# Preprocessing text data

The purpose of this notebook is to try out different preprocessing steps for text data, and to see how changes in preprocessing can influence the data that gets input to modeling.

## Dataset for the exercise

* [New York Times Comments](https://www.kaggle.com/aashita/nyt-comments/data)  <-  set of readers' comments to articles published in the New York Times.

## Tools

R has a variety of preprocessing tools, including the popular libraries [tm](https://cran.r-project.org/web/packages/tm/tm.pdf) and [quanteda](https://cran.r-project.org/web/packages/quanteda/quanteda.pdf). This example uses quanteda - however the same steps could be performed using other tools as well.

## Read data

In [None]:
path <- 'data/nyt-comments/'
files <- list.files( path ) ## Get all files from directory path
files <- files[ grepl("Comments", files) ] ## Get only files with reader comments

# For the purposes of the example, let's use only one of the comment data files
data <- read.csv( paste(path, files[1],  sep='') )

print( "Data size" )
print( nrow(data) )

## Preprocess and create Document-Term Matrix

We try here several basic preprocessing steps, including removing html tags, removing punctuation, removing numbers, removing stopwords, lowercasing and stemming words, and finally removing infrequent and frequent words.
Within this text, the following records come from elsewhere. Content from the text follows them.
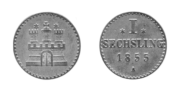 SILVER. Sechsling (6 Pfennig) 1855. Åtsida: Stadsvapnet (tretornad borg, över mittornet et S:t Georgs-kors, över sidotornen en sexuddad stjärna). Kring kanten en pärlstav. Frånsida: Myntvärde, årtal och Berlins myntbokstav A. Kring kanten en pärlstav. Rand. Slät. Mått: Vikt: 0,7 gr. Diameter: 14 mm. Medfört av Johanna Kempe från en av hennes resor till Tyskland något av åren under 1860-talets förra hälft.
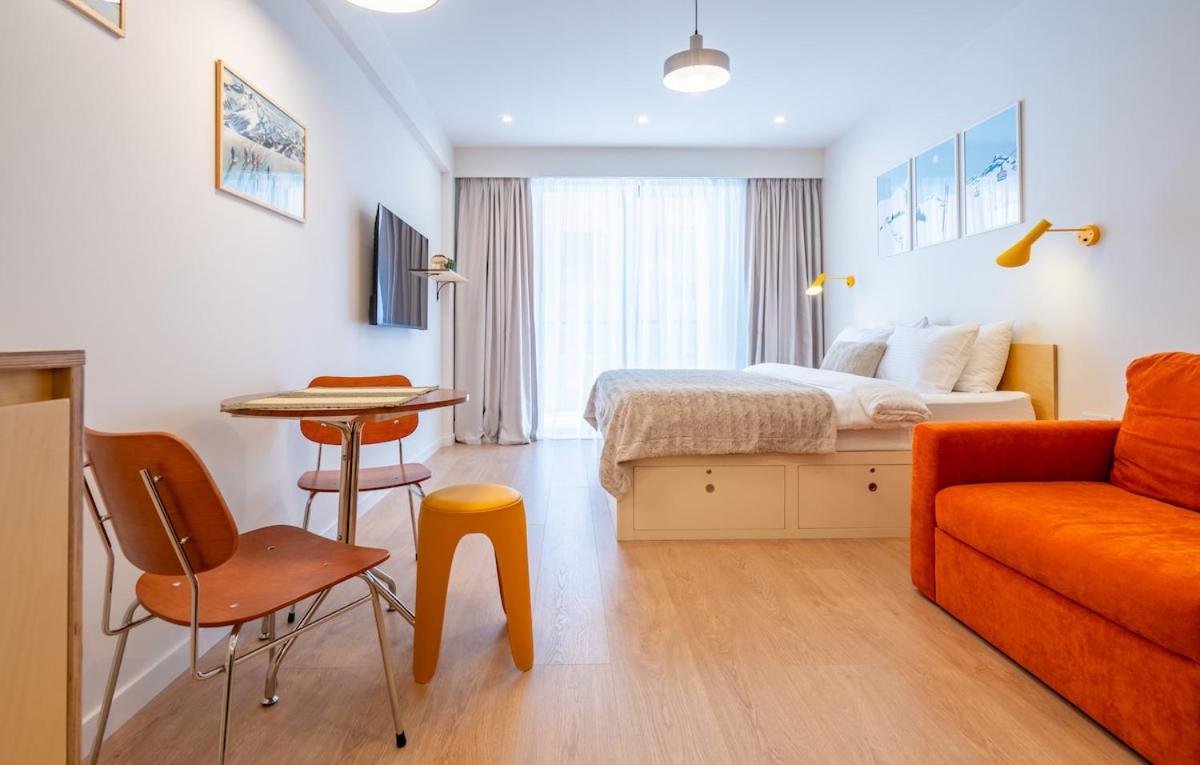 Studio with Balcony. The studios kitchen is available for cooking and storing food. This studio features a private bathroom, a washing machine, heating as well as a balcony. The unit offers 2 beds.
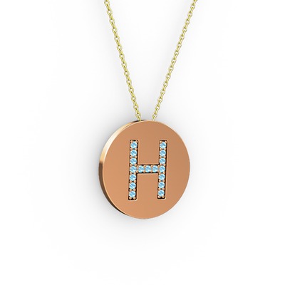 Akuamarin 8 ayar rose altın kolye (40 cm altın rolo zincir)
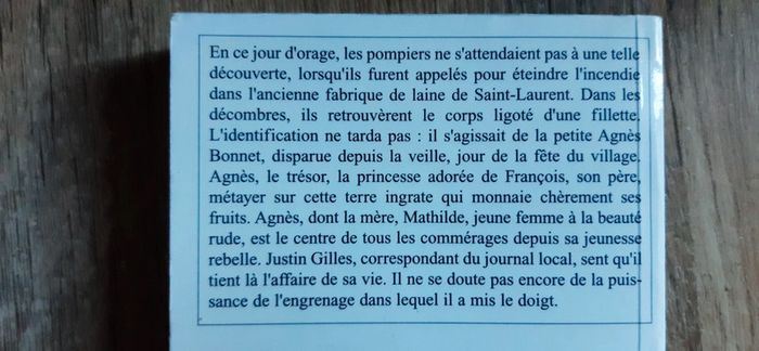 De Laurent Cabrol En ce jour d'orage, les pompiers ne s'attendaient pas à une telle découverte, lorsqu'ils furent appelés pour éteindre l'incendie dans l'ancienne fabrique de laine de Saint-Laurent. Dans les décombres, ils retrouvèrent le corps ligoté d'une fillette. L'identification ne tarda pas : il s'agissait de la petite Agnès Bonnet, disparue depuis la veille, jour de la fête du village. Agnès, le trésor, la princesse adorée de François, son père, métayer sur cette terre ingrate qui monnaie chèrement ses fruits. Agnès, dont la mère, Mathilde, jeune femme à la beauté rude, est le centre de tous les commérages depuis sa jeunesse rebelle. Justin Gilles, correspondant du journal local, sent qu'il tient là l'affaire de sa vie. Il ne se doute pas encore de la puissance de l'engrenage dans lequel il a mis le doigt.
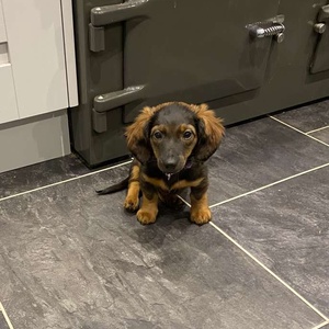 14 week old male puppy, Black and Tan colour. Lovely character, very friendly, very good with children . One of a litter of four., The rest have been sold. Picture of mum and pup below.
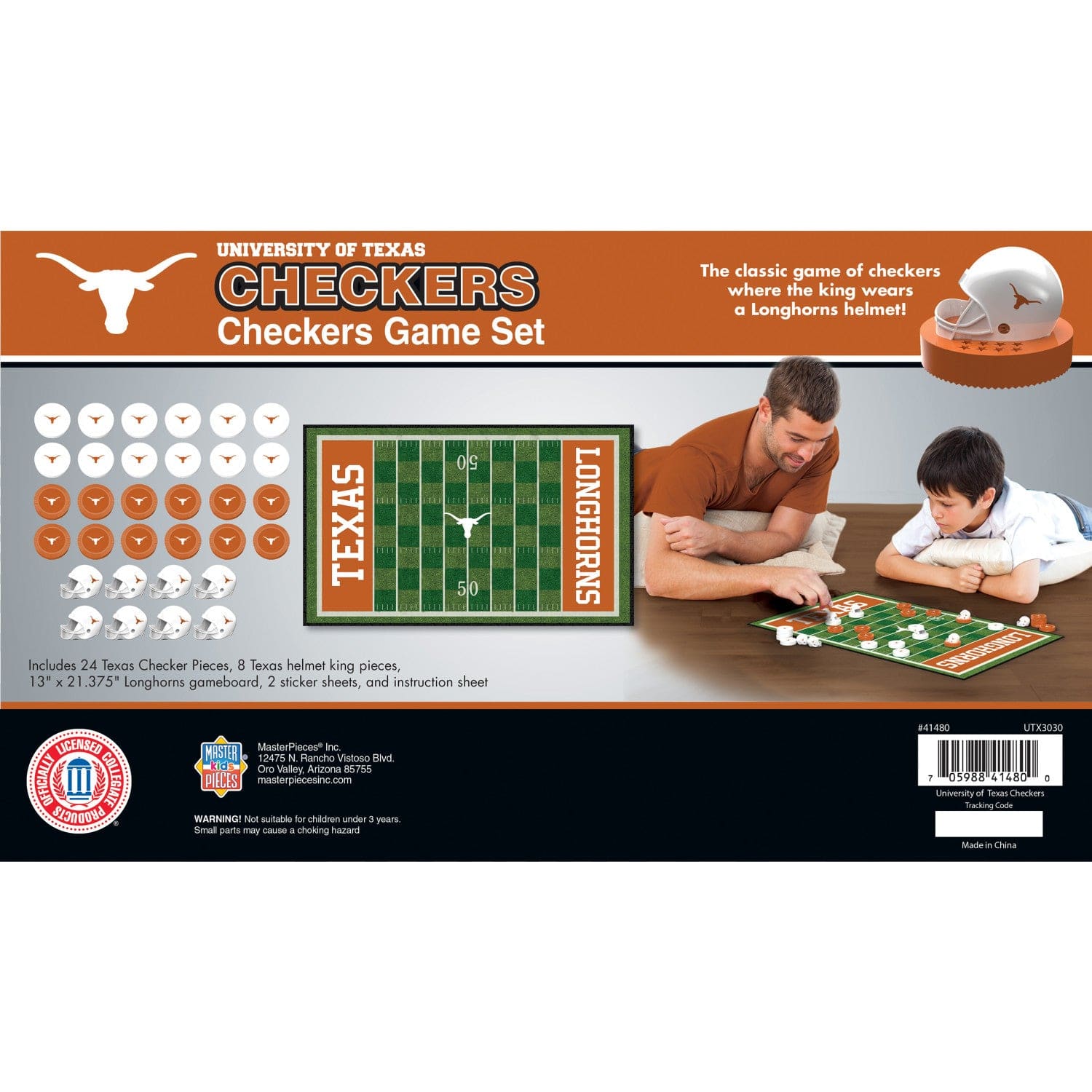 Bring the excitement of college football checkers to your next game night with this officially licensed Texas Longhorns checkers board game, designed for both kids and adults. Featuring vibrant team colors and logos, this Texas themed board game is perfect for fans looking to showcase their school spirit. The set includes everything needed for two players, making it a great choice for family gatherings or friendly competition. With a sturdy board measuring 13" x 21" and lightweight construction at just 1.1 pounds, it’s easy to set up and store. The unique crown pieces add a fun twist, letting players compete to see who will win and wear the crown. Ideal for fans of university of Texas board games, this checkers board game for adults and kids is a standout addition to any Texas Longhorns merchandise collection. Suitable for ages 6 and up, it’s a safe and engaging way to introduce young fans to classic board games while celebrating their favorite team. Whether you’re searching for Texas Longhorns toy gifts or looking to expand your collection of NCAA checkers, this game delivers hours of entertainment and team pride.
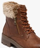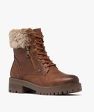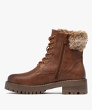 Boots femme fourrées et crantées avec col duveteux à zip et à lacets marron clair
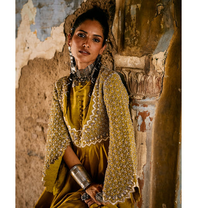 Indulge in luxury with our mustard Phalghuni zardozi anarkali set. The intricately embroidered anarkali adds a touch of opulence to any occasion. Elevate your style with this exclusive piece, inspired by the world of art and fashion. Step into elegance and sophistication with this must-have set.
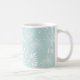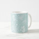 Cool modern stylised dandelion pattern in white on pastel blue background.
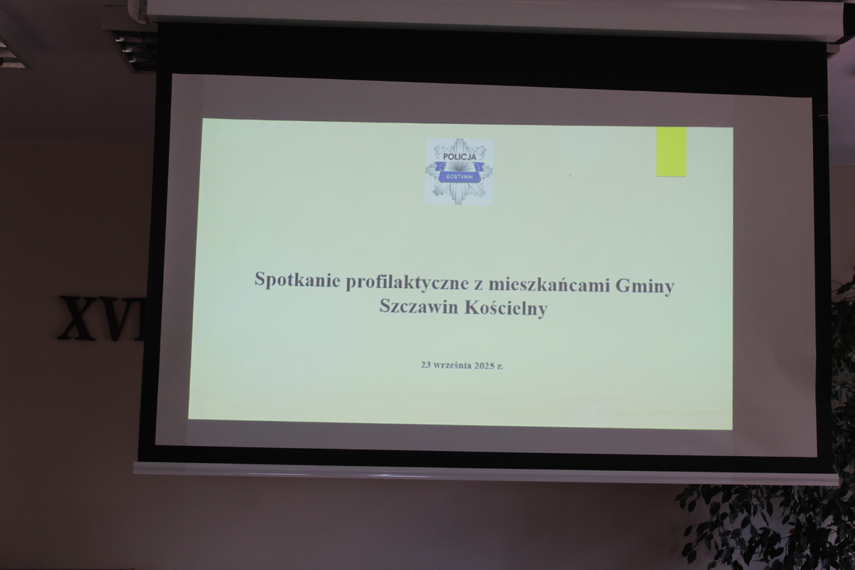 24 września 2025 roku policjanci z Komendy Powiatowej Policji w Gostyninie spotkali się z seniorami w Klubie Seniora przy Gminnym Ośrodku Kultury w Szczawinie Kościelnym. Spotkanie zostało zorganizowane na prośbę Pani Wójt Barbary Stępniak i podyktowane troską o bezpieczeństwo mieszkańców gminy w świecie internetu oraz w codziennym życiu.
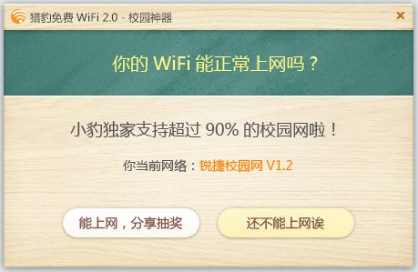 據(jù)悉,獵豹免費WiFi2.0-校園神器對170多所校園網(wǎng)絡(luò)環(huán)境進行了現(xiàn)場測試,解決銳捷、天翼、netkeeper系列(包括netkeeper、閃訊、e信)、星空極速、inode 等主流校園網(wǎng)客戶端不能分享WiFi上網(wǎng)的難題。
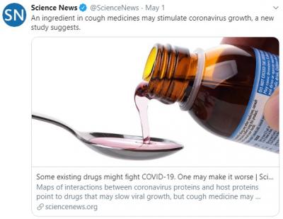 खोकल्याचं हे औषध शरीरात कोरोनाचा प्रसार करत आहे. सायन्स मॅगझीन नेचरमध्ये 30 एप्रिल रोजी यासंबंधित एक रिसर्च रिपोर्ट प्रकाशित झाला आहे.

Each of these have implications for the resulting Document-Term Matrix. You can try out different options below and see their influence.

In [None]:
library(quanteda)

In [None]:
data$commentBody <- gsub("<.*?>", "", data$commentBody) # Remove html tags before creating corpus

corp <- corpus( data, text_field = "commentBody" ) # Create corpus

In [None]:
stopwords = stopwords('en') ## Add to or replace this list to use custom stopwords

# Split texts to word tokens
token <- tokens( 
    corp, 
    remove_punct=TRUE, # Remove punctuation
    remove_numbers=TRUE # Remove numbers
)

token <- tokens_tolower( token ) # Lowercase words
token <- tokens_select( token, pattern = stopwords, selection = 'remove') # Remove stopwords before stemming
token <- tokens_wordstem( token ) # Stem words

In [None]:
# Create the DTM (quanteda calls it 'dfm' for 'Document-Feature Matrix')
dtm <- dfm( token )
dtm

In [None]:
# Remove infrequent words
dtm <- dfm_trim( 
    dtm, 
    min_docfreq = 10, ## Remove words that occur in less than 10 documents 
    max_docfreq = dim(dtm)[1] * 0.9 # Remove words that occur in more than 90% of the documents
)

In [None]:
topfeatures( dtm, scheme='count', n=10 ) # Get 10 most frequent words, based on word count
topfeatures( dtm, scheme='docfreq', n=10 ) # Get 10 most frequent words, based on document frequency

In [None]:
# Get list of words in the DTM
featnames(dtm)

## Things to try out and think about

* Check the top words and list of words in the Document-Term Matrix. Do you see anything that should still be removed?
* Modify the stopword list to remove unwanted words.
* There might be some strings and symbols that quanteda does not recognize as e.g. punctuation or numbers. How would you go about removing these?
* You can check the quanteda [documentation](https://cran.r-project.org/web/packages/quanteda/quanteda.pdf), and especially the tokens-function (p. 77) to see the available preprocessing options there. Using regular expressions with the [gsub-function](https://www.digitalocean.com/community/tutorials/sub-and-gsub-function-r) might also help, as with the html tags above.